Throughout this period, as well, we engaged in dialogue with insurgent groups and tribes, and this led to additional elements standing up to oppose Al Qaeda and other extremists. We also continued to emphasize the development of the Iraqi Security Forces and we employed non-kinetic means to exploit the opportunities provided by the conduct of our kinetic operations - aided in this effort by the arrival of additional Provincial Reconstruction Teams.

Current Situation and Trends

The progress our forces have achieved with our Iraqi counterparts has, as I noted at the outset, been substantial. While there have been setbacks as well as successes and tough losses along the way, overall, our tactical commanders and I see improvements in the security environment. We do not, however, just rely on gut feel or personal observations; we also conduct considerable data collection and analysis to gauge progress and determine trends. We do this by gathering and refining data from coalition and Iraqi operations centers, using a methodology that has been in place for well over a year and that has benefited over the past seven months from the increased presence of our forces living among the Iraqi people. We endeavor to ensure our analysis of that data is conducted with rigor and consistency, as our ability to achieve a nuanced understanding of the security environment is dependent on collecting and analyzing data in a consistent way over time. Two US intelligence agencies recently reviewed our methodology, and they concluded that the data we produce is the most accurate and authoritative in Iraq.
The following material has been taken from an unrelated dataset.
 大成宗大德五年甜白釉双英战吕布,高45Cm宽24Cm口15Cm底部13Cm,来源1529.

As I mentioned up front, and as the chart before you reflects, the level of security incidents has decreased significantly since the start of the surge of offensive operations in mid-June, declining in 8 of the past 12 weeks, with the level of incidents in the past two weeks the lowest since June 2006 and with the number of attacks this past week the lowest since April 2006.
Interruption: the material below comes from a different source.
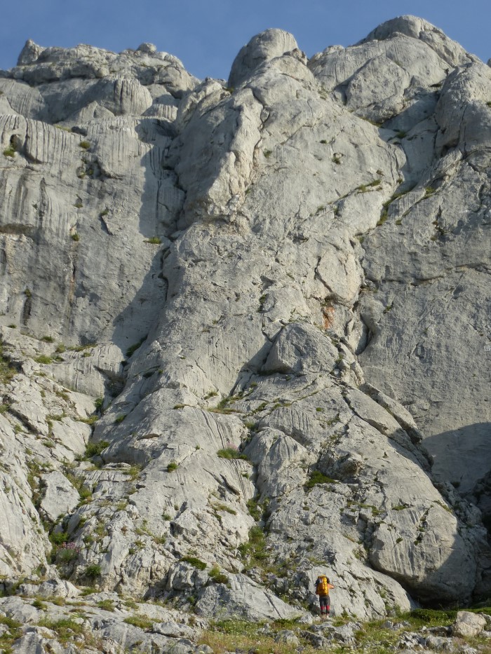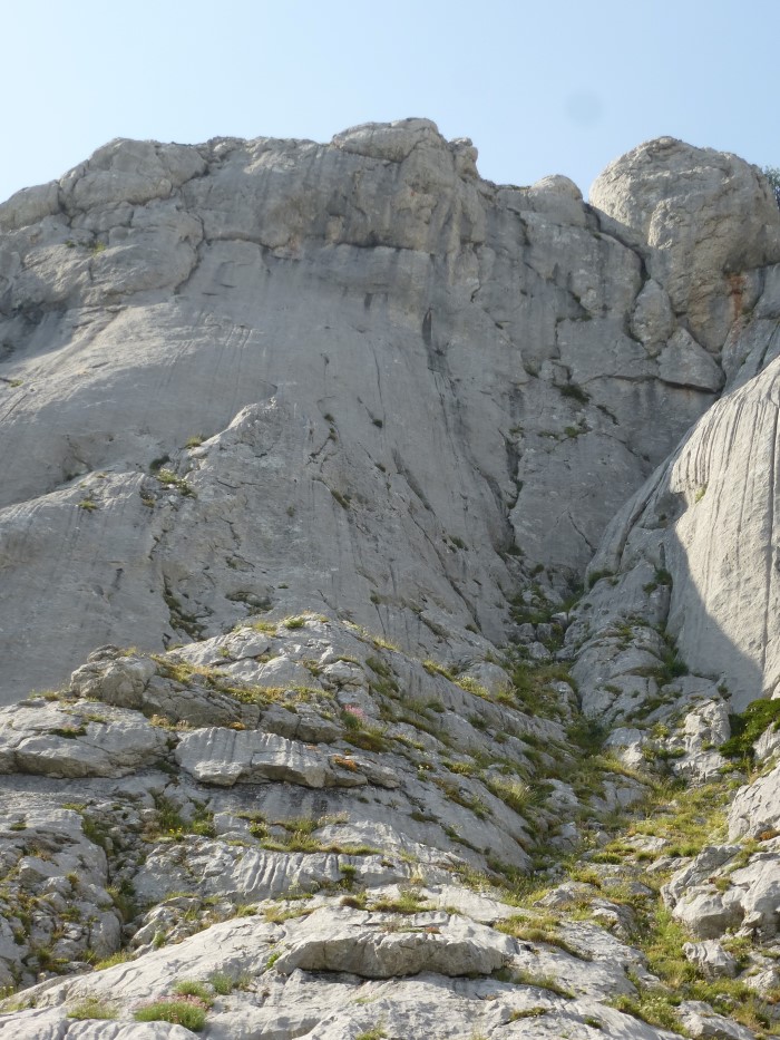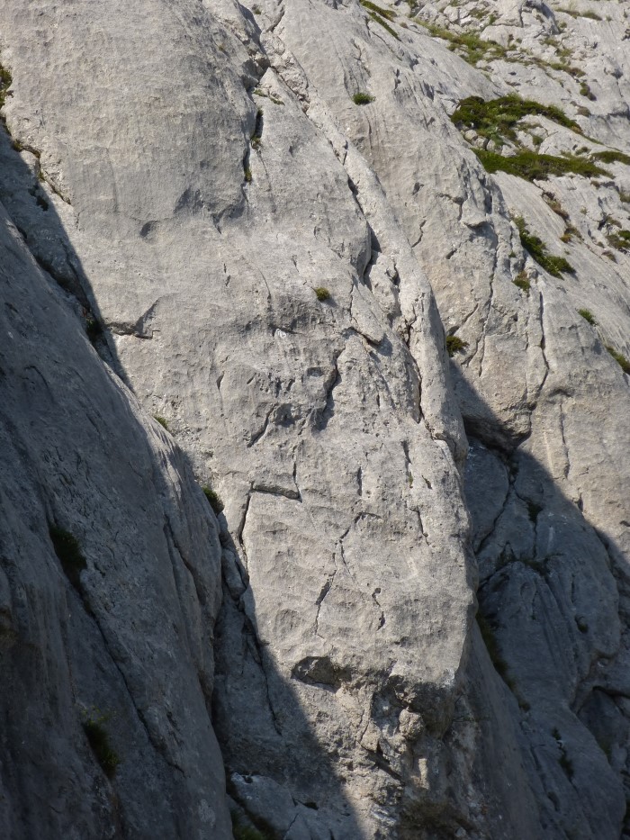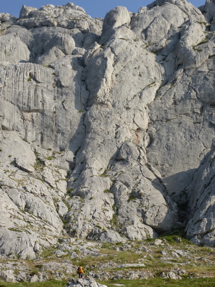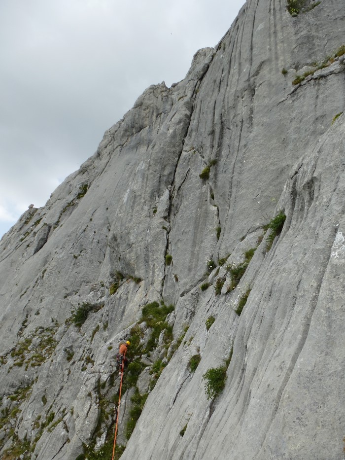 Seguimos por la repisa dirección Oeste, hasta dar con el comienzo de la gran fisura de no Caliza na Galiza.

Civilian deaths of all categories, less natural causes, have also declined considerably, by over 45% Iraq-wide since the height of the sectarian violence in December. This is shown by the top line on this chart, and the decline by some 70% in Baghdad is shown by the bottom line. Periodic mass casualty attacks by Al Qaeda have tragically added to the numbers outside Baghdad, in particular. Even without the sensational attacks, however, the level of civilian deaths is clearly still too high and continues to be of serious concern.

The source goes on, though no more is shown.